--- Recorded information ---
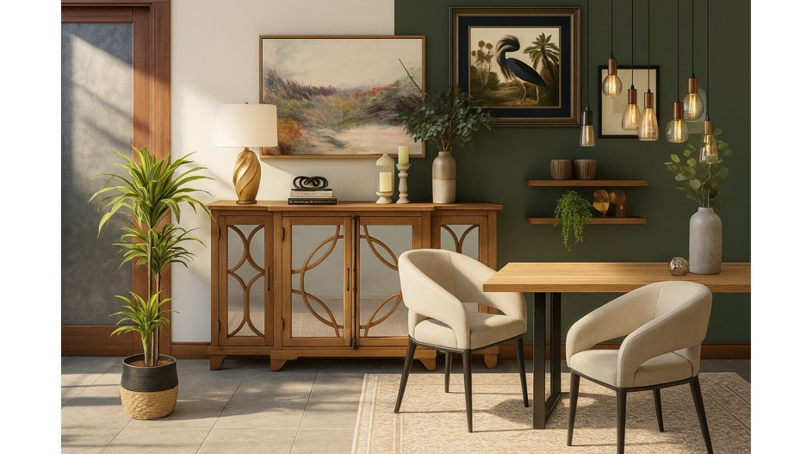 The kitchen dining area features a harmonious blend of modern and natural elements. A stylish Inigo Sideboard crafted from recycled elm serves as a functional storage piece, complemented by the elegant Divine 8 Light Black Metal & Glass Cluster Ceiling Pendant Bar, providing both illumination and artistic flair. Two plush ivory dual-tone fabric dining chairs from Danetti surround a sleek wooden dining table, perfect for sharing meals and conversations. On the wall, thoughtful decor includes framed artwork, such as a 'View To Sea' canvas and a classic piece showcasing avian beauty, enhancing the visual interest of the space. A Loaf Medium Swirl Table Lamp in a smoke finish sits gracefully on the sideboard, adding warmth and sophistication. The room is grounded with an Elias Beige rug, creating an inviting atmosphere. Floating shelves made of oak, namely the Millie Floating Shelf, provide additional decor space while holding carefully selected items like a seeded eucalyptus stem, which brings a touch of greenery indoors. Finally, the Garden Trading Fulbrook Mirror adds depth, reflecting light and creating a sense of openness in this delightful kitchen dining area.
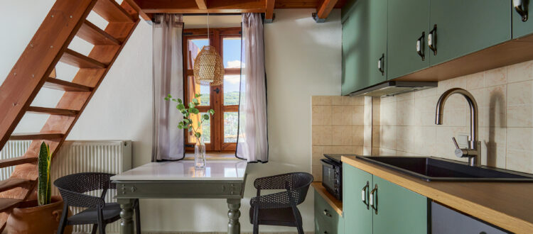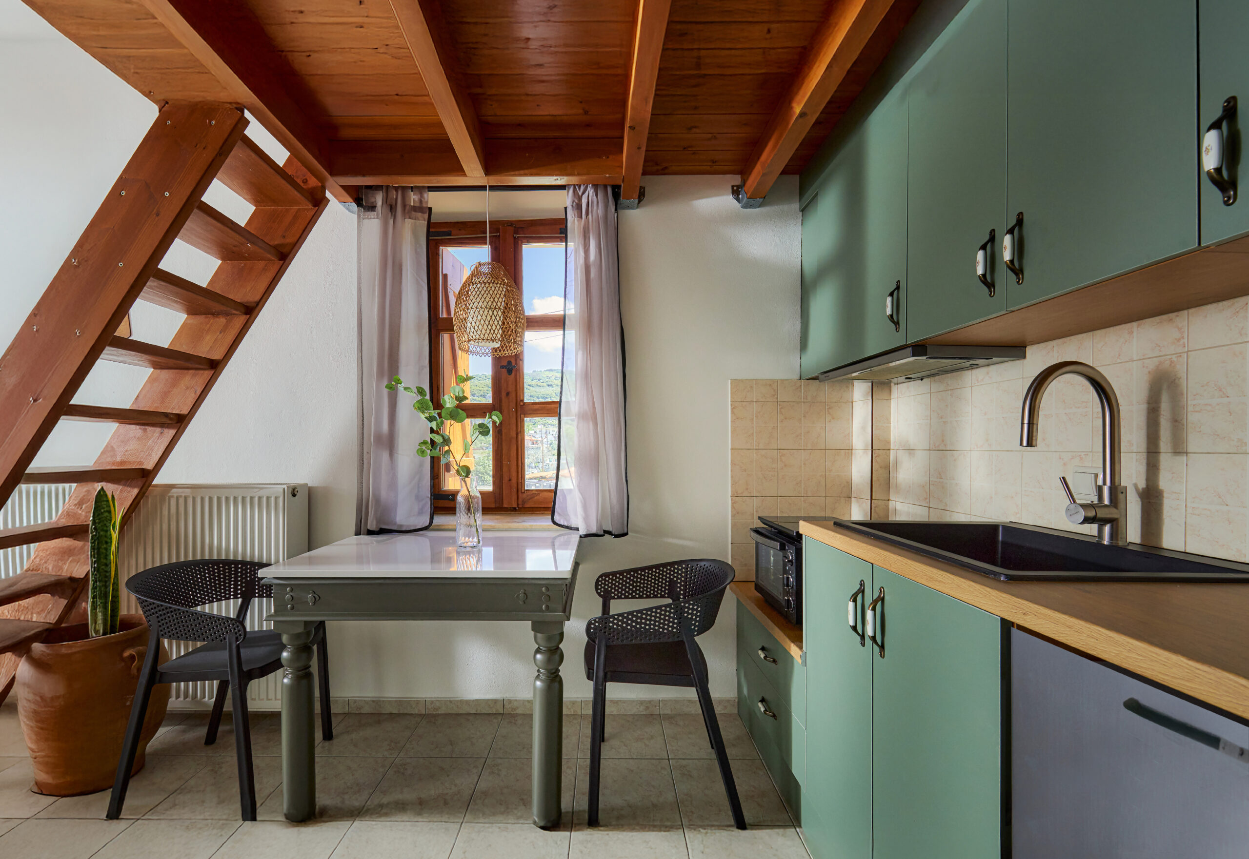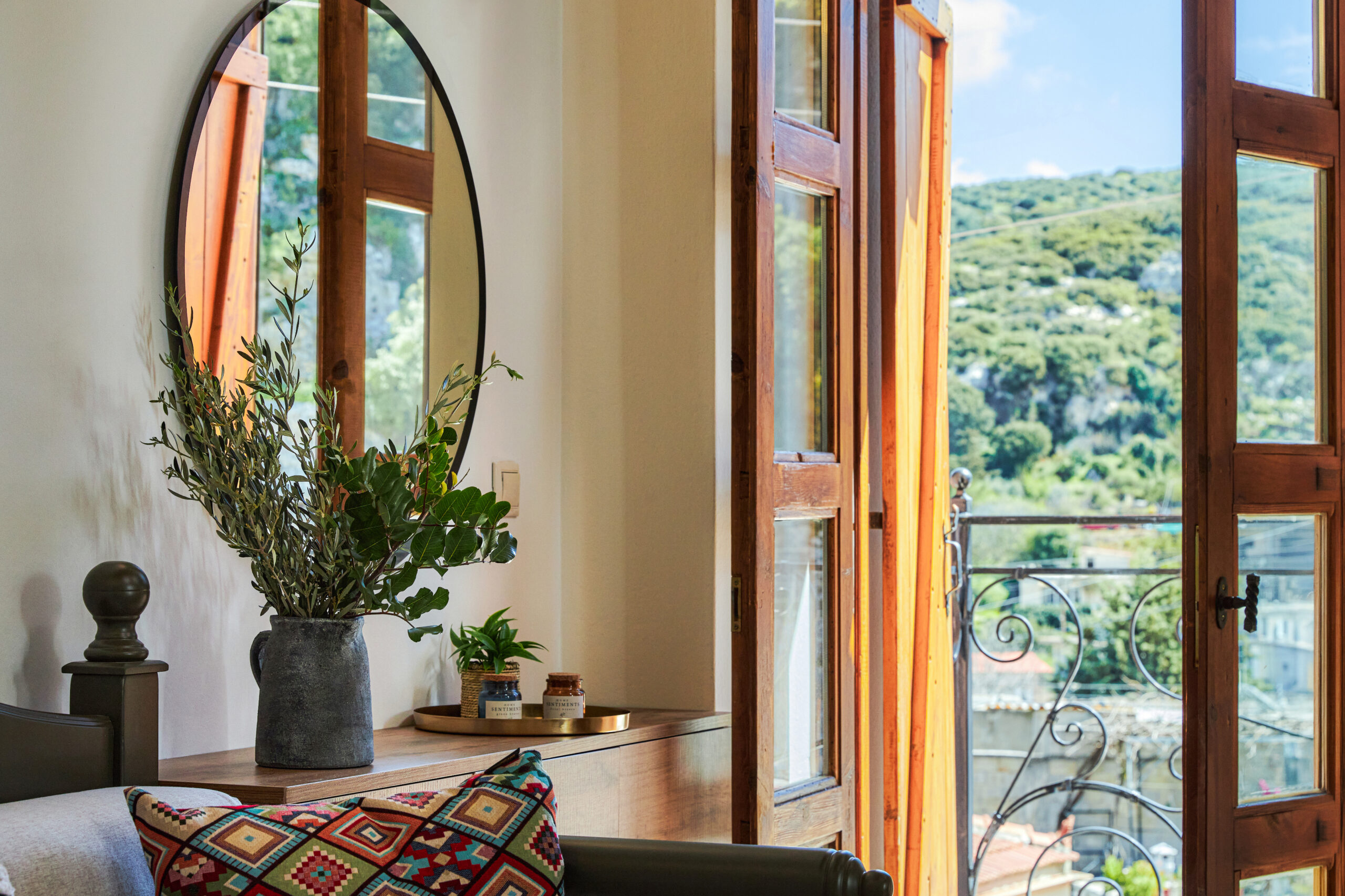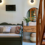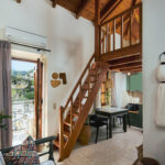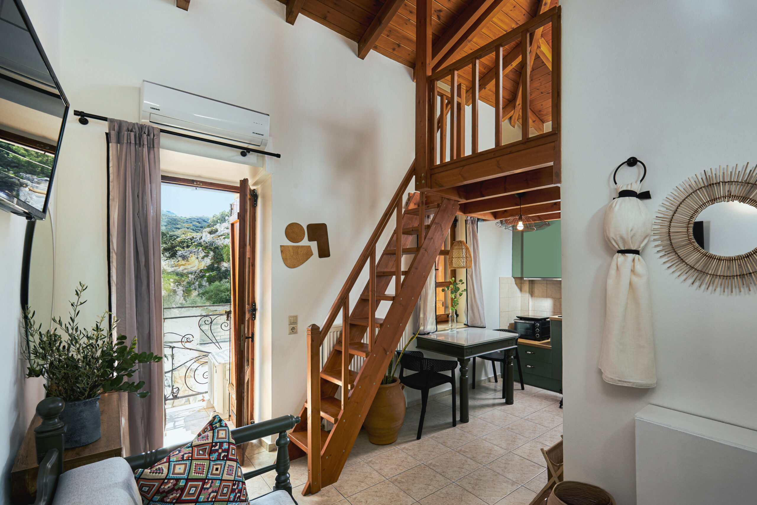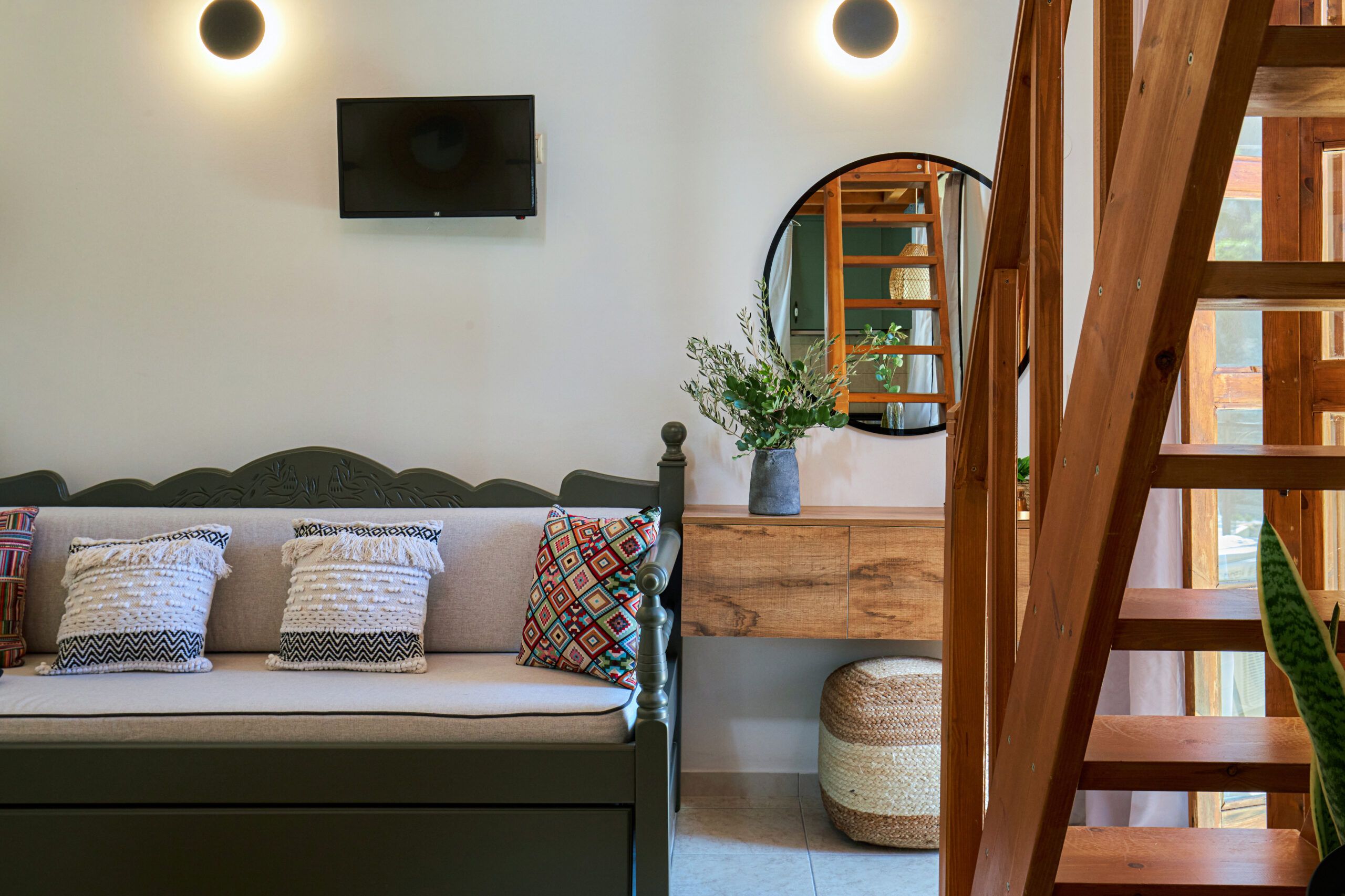 Η διακόσμηση του διαμερίσματος παραπέμπει στη γνήσια κρητική αισθητική με ξύλινα ταβάνια, χειροποίητα ξύλινα έπιπλα, παραδοσιακά υφαντά,κεντητά και πίνακες.
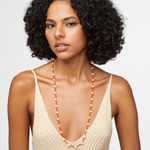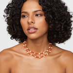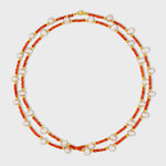 Warm and inviting, this carnelian necklace features fiery hues complemented by pearls and gold beads. Its double-strand length offers a rich, versatile aesthetic.
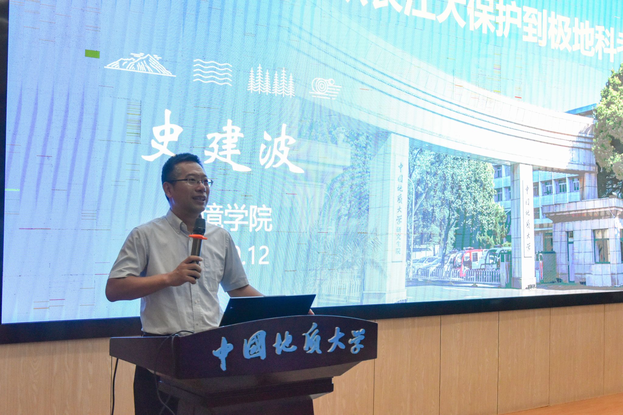 院长史建波教授以“健康环境,宜居地球:从长江大保护到极地科考”为题,为学生带来“开学第一课”。课堂上,史建波教授从长江大保护的实践讲到极地科考的征程,分享了自己在世界三极的亲身经历:在北极与北极熊的不期而遇、在南极与企鹅的奇妙缘分、在青藏高原冰川上的探索足迹。以自身见闻与实践为引,教育全体学生认识到校训精神的指引力量,南迁办学的坚韧精神,以及勇攀高峰的执着与育人摇篮的担当。他强调,同学们要传承地大品格,在科研征途上敢闯敢试、勇毅前行,走出属于自己的独特风采与精彩未来。
---
* Task prompt *
Print the listing verbatim; no pictures.

* Completed task *
 The kitchen dining area features a harmonious blend of modern and natural elements. A stylish Inigo Sideboard crafted from recycled elm serves as a functional storage piece, complemented by the elegant Divine 8 Light Black Metal & Glass Cluster Ceiling Pendant Bar, providing both illumination and artistic flair. Two plush ivory dual-tone fabric dining chairs from Danetti surround a sleek wooden dining table, perfect for sharing meals and conversations. On the wall, thoughtful decor includes framed artwork, such as a 'View To Sea' canvas and a classic piece showcasing avian beauty, enhancing the visual interest of the space. A Loaf Medium Swirl Table Lamp in a smoke finish sits gracefully on the sideboard, adding warmth and sophistication. The room is grounded with an Elias Beige rug, creating an inviting atmosphere. Floating shelves made of oak, namely the Millie Floating Shelf, provide additional decor space while holding carefully selected items like a seeded eucalyptus stem, which brings a touch of greenery indoors. Finally, the Garden Trading Fulbrook Mirror adds depth, reflecting light and creating a sense of openness in this delightful kitchen dining area.
 Η διακόσμηση του διαμερίσματος παραπέμπει στη γνήσια κρητική αισθητική με ξύλινα ταβάνια, χειροποίητα ξύλινα έπιπλα, παραδοσιακά υφαντά,κεντητά και πίνακες.
 Warm and inviting, this carnelian necklace features fiery hues complemented by pearls and gold beads. Its double-strand length offers a rich, versatile aesthetic.
 院长史建波教授以“健康环境,宜居地球:从长江大保护到极地科考”为题,为学生带来“开学第一课”。课堂上,史建波教授从长江大保护的实践讲到极地科考的征程,分享了自己在世界三极的亲身经历:在北极与北极熊的不期而遇、在南极与企鹅的奇妙缘分、在青藏高原冰川上的探索足迹。以自身见闻与实践为引,教育全体学生认识到校训精神的指引力量,南迁办学的坚韧精神,以及勇攀高峰的执着与育人摇篮的担当。他强调,同学们要传承地大品格,在科研征途上敢闯敢试、勇毅前行,走出属于自己的独特风采与精彩未来。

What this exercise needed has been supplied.